Your task: Range to repeat from the listing below: the line containing "Nel frattempo preparate" down to the line containing "为了进一步推进我校食安小卫士", both included. Copy it exactly, pictures excluded, and add nothing else.

[[ Records to process open ]]

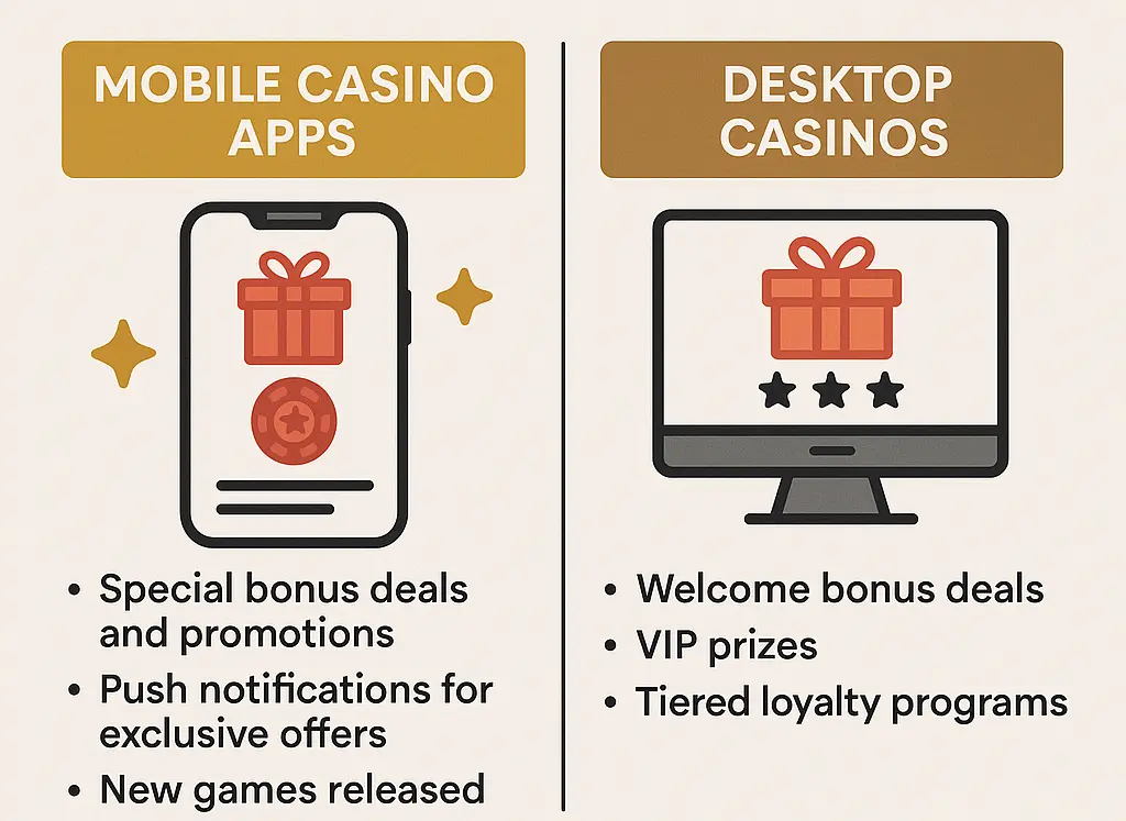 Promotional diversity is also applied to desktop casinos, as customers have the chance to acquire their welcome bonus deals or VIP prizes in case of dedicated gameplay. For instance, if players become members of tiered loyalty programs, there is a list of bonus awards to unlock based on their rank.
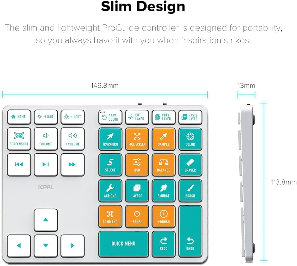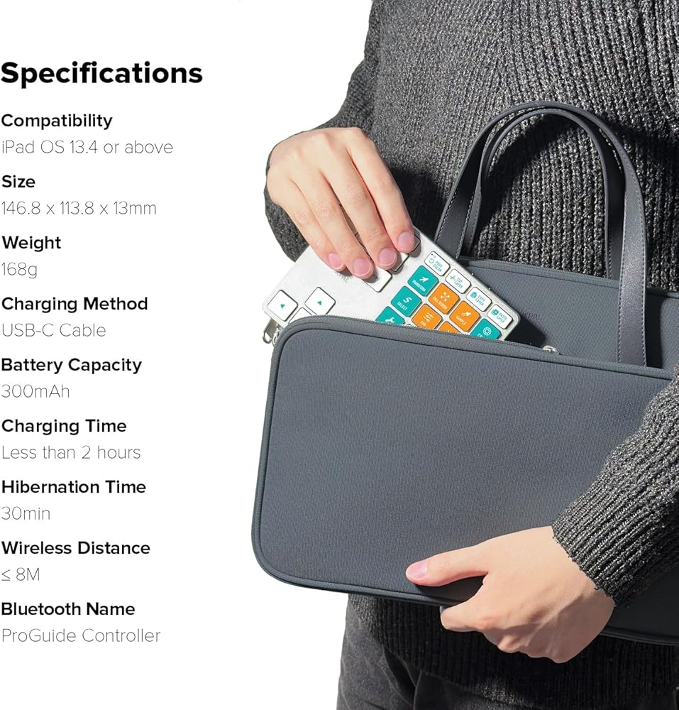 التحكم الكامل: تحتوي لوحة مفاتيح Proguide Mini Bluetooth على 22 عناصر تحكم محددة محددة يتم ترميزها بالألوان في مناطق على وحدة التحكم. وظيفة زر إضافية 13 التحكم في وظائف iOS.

[[ Records to process closed ]]
[[ Records to process open ]]

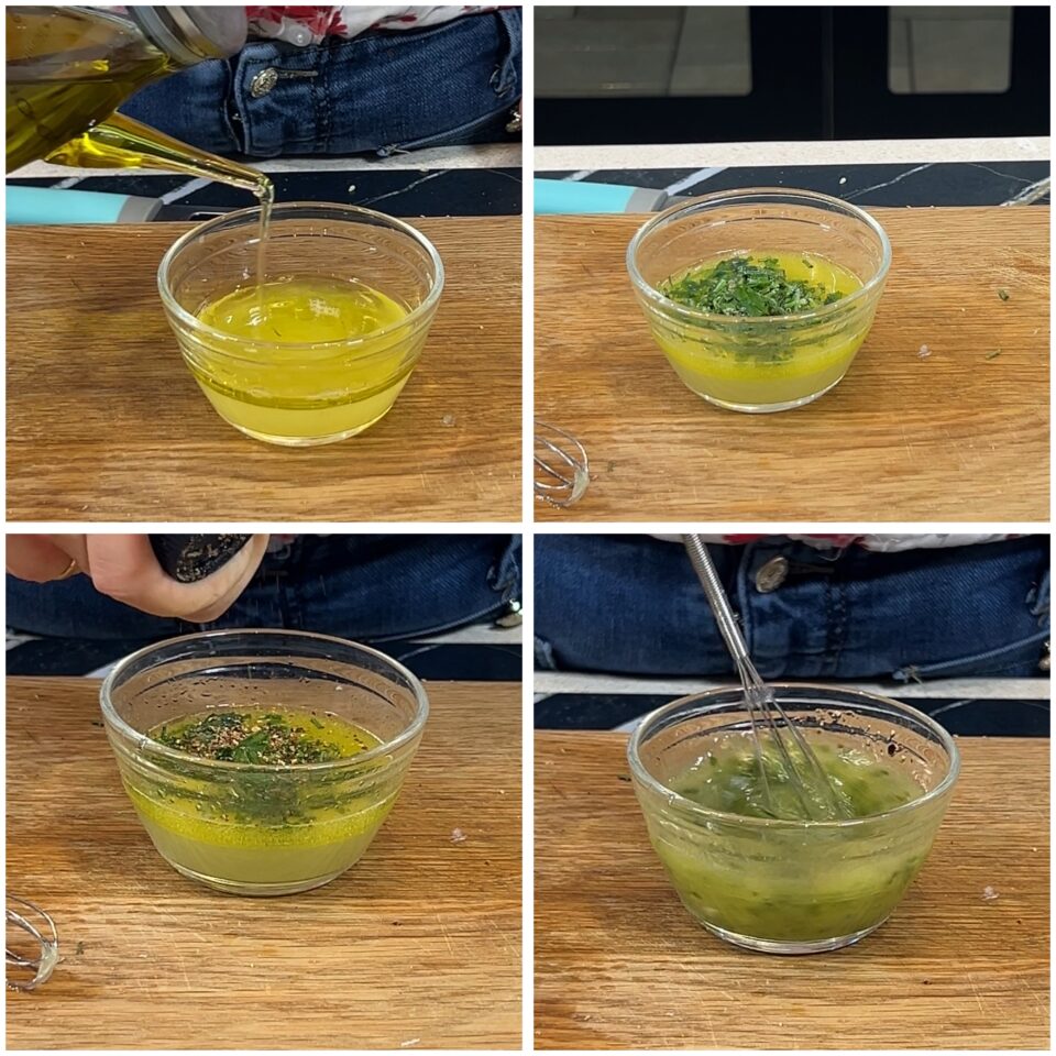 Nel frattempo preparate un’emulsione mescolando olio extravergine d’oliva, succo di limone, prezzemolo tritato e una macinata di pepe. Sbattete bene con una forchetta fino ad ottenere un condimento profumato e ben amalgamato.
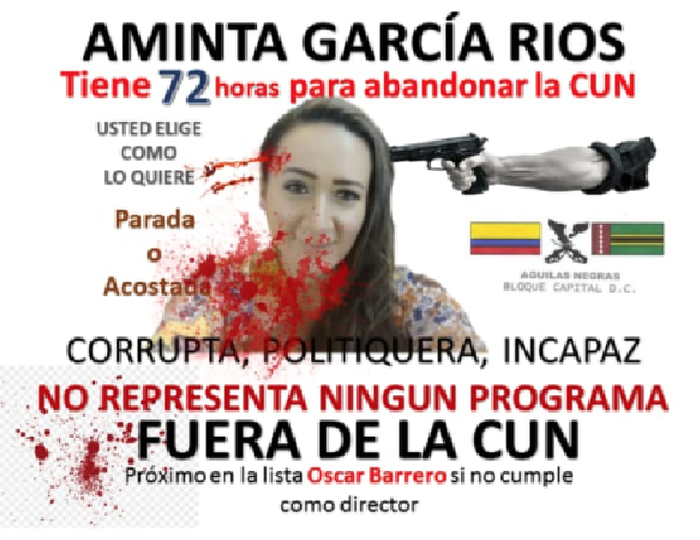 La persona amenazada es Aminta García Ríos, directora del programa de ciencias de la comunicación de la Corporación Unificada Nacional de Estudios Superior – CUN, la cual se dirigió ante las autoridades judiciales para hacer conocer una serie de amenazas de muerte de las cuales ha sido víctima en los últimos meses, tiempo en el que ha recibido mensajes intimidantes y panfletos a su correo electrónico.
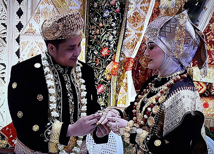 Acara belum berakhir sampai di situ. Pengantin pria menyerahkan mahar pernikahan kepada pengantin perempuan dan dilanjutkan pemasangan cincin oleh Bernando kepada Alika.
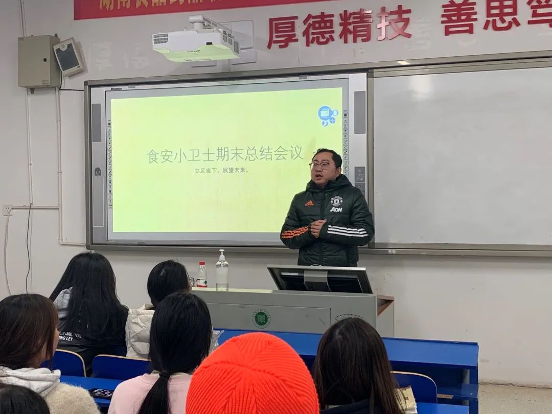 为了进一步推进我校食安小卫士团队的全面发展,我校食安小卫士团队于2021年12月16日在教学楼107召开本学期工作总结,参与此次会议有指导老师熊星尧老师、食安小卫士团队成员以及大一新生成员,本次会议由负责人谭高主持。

[[ Records to process closed ]]

Result for this exercise:
 Nel frattempo preparate un’emulsione mescolando olio extravergine d’oliva, succo di limone, prezzemolo tritato e una macinata di pepe. Sbattete bene con una forchetta fino ad ottenere un condimento profumato e ben amalgamato.
 La persona amenazada es Aminta García Ríos, directora del programa de ciencias de la comunicación de la Corporación Unificada Nacional de Estudios Superior – CUN, la cual se dirigió ante las autoridades judiciales para hacer conocer una serie de amenazas de muerte de las cuales ha sido víctima en los últimos meses, tiempo en el que ha recibido mensajes intimidantes y panfletos a su correo electrónico.
 Acara belum berakhir sampai di situ. Pengantin pria menyerahkan mahar pernikahan kepada pengantin perempuan dan dilanjutkan pemasangan cincin oleh Bernando kepada Alika.
 为了进一步推进我校食安小卫士团队的全面发展,我校食安小卫士团队于2021年12月16日在教学楼107召开本学期工作总结,参与此次会议有指导老师熊星尧老师、食安小卫士团队成员以及大一新生成员,本次会议由负责人谭高主持。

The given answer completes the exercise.